● WHAT THIS TASK INVOLVES
For this exercise, reproduce the entries below exactly, but only from the line containing "Figure 38. Refuge" through the line containing "are at risk", both included.

● EXTRACTED ENTRIES
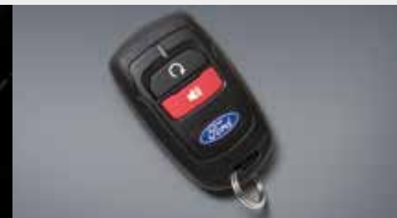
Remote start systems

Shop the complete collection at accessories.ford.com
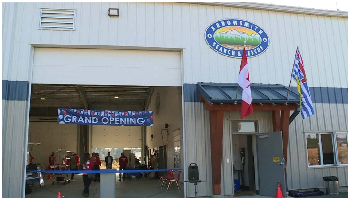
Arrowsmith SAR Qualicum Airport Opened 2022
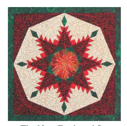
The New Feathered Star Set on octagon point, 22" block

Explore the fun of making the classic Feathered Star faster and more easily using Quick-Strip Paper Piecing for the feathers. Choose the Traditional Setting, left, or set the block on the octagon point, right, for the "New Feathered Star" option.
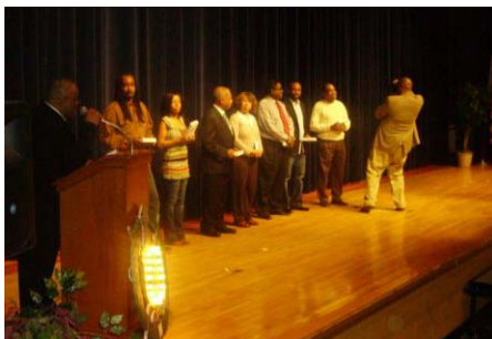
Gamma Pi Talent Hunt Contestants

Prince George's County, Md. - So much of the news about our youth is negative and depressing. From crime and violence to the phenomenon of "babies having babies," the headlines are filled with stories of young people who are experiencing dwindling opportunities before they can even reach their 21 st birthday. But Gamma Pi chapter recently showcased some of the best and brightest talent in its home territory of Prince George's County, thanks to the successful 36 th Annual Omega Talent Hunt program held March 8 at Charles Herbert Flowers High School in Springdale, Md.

* * *

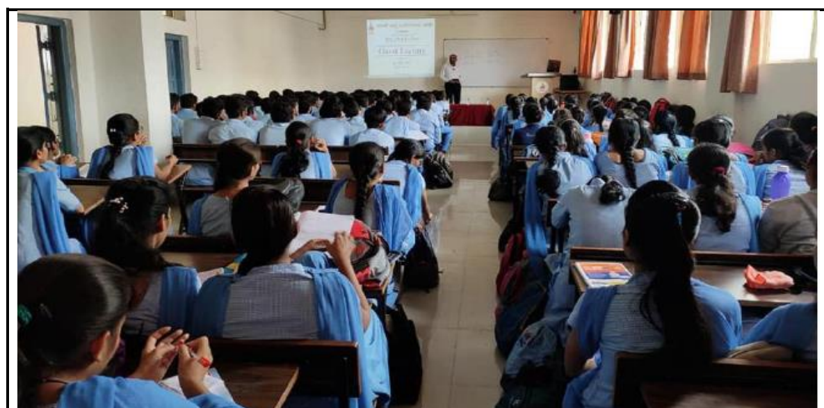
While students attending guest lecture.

...

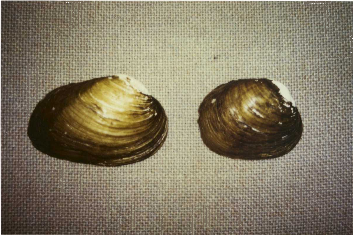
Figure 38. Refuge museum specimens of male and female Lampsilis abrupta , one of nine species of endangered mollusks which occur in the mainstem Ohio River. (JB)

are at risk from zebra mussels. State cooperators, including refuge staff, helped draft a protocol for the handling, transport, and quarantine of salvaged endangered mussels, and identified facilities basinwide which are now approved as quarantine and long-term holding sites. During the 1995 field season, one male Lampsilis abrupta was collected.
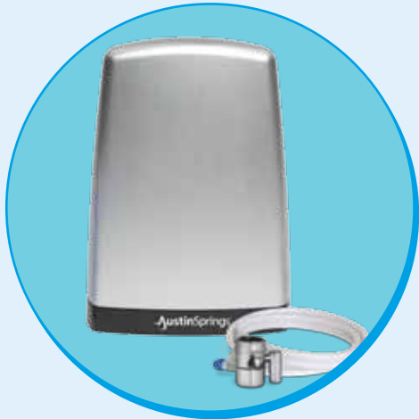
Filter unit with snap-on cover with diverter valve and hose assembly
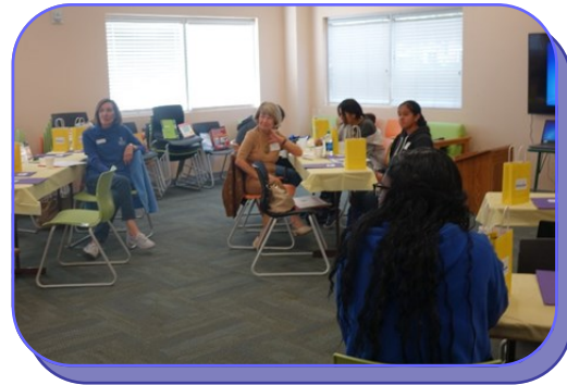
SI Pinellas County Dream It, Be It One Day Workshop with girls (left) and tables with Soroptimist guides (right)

● OUTPUT OF THE TASK
Figure 38. Refuge museum specimens of male and female Lampsilis abrupta , one of nine species of endangered mollusks which occur in the mainstem Ohio River. (JB)

are at risk from zebra mussels. State cooperators, including refuge staff, helped draft a protocol for the handling, transport, and quarantine of salvaged endangered mussels, and identified facilities basinwide which are now approved as quarantine and long-term holding sites. During the 1995 field season, one male Lampsilis abrupta was collected.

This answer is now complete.